The Azure Media Player actually features some smart little features, including playback for audio in multiple languages. Incidentally, the Azure Service is also getting support for Google Widevine digital rights management

According to Microsoft’s Azure Media Services director Sudheer Sirivara,

Live Encoding allows you to send a single bitrate live feed to Azure Media Services, have it encoded into an adaptive bitrate stream and deliver it to a wide variety of clients for delivery in MPEG-DASH, Microsoft Smooth Streaming, Apple HLS, or Adobe HDS formats,

Thanks to the update, Customers of the Media Encoder Standard service will also be allowed to create live archives of their feeds in .MP4 format.

The move is Microsoft keeping up with the current trend among cloud providers, as they take Video encoding as a routine task, to be handled they can handle in house for customers.

Apart from general availability announcement, Microsoft Azure’s Media Encoder Standard now includes support for extracting sub-clips, i.e. taking a portion of the live stream and producing a new on-demand asset. Media Encoder Standard now also has the ability to extract live archives as MP4s for subsequent syndication.
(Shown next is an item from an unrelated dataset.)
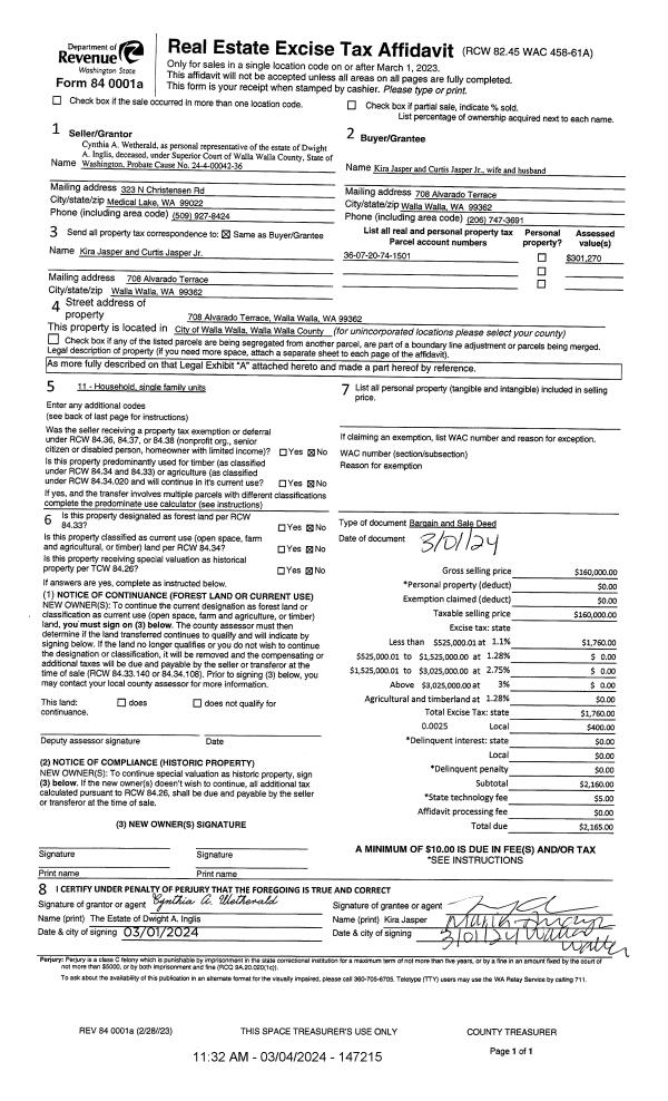 | 1 | 03/04/2024 | BARGAIN & | BARGAIN & SALE DEED | INGLIS DWIGHT A ESTATE OF | JASPER KIRA & CURTIS JR | | | $160,000.00 | 147215 | 2024-01071 |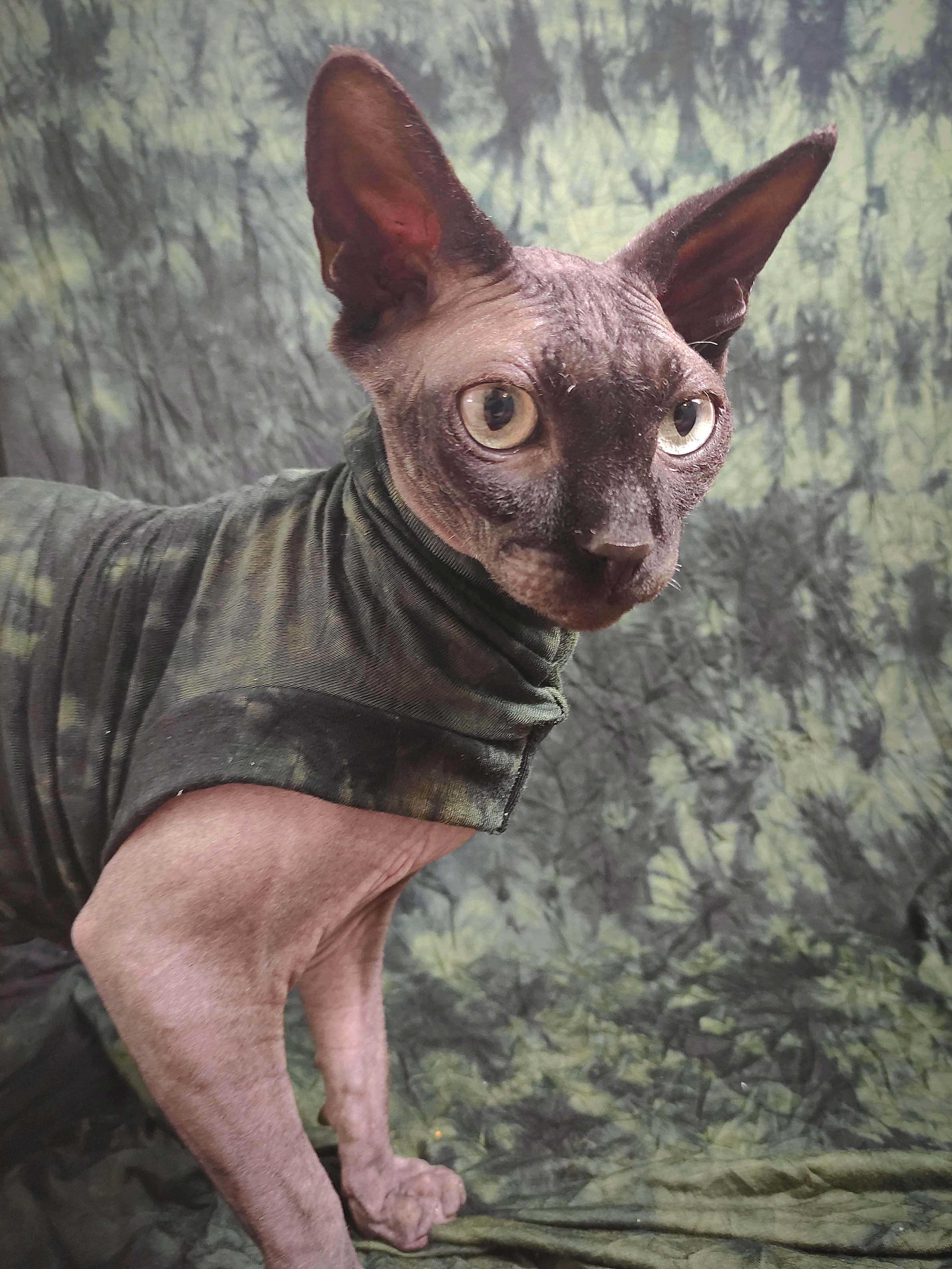 REGULAR size is for most adult hairless cats age 1 to 18. BAMBINO size fits hairless kittens age 6 months to 1 year and smaller adult cats. ANKLE BITER size fits kittens 15 weeks to 6 month olds. LIL NIPPER size fits hairless kittens age 8 weeks to 15 week olds for when they are with the breeder or for the trip home. Custom orders are welcome for larger and smaller cats - pricing is the same - $27.50

Interestingly though, AWS, Amazon’s cloud offering which also happens to be the biggest such public cloud offering available right now, acquired Elemental Technologies which provides video encoding services for many media companies. The deal was reportedly worth over $500 Million.

If you didn’t notice though, Microsoft recently cut prices by offering cheaper cloud infrastructure to stay relevant in the fiercely competed public cloud domain.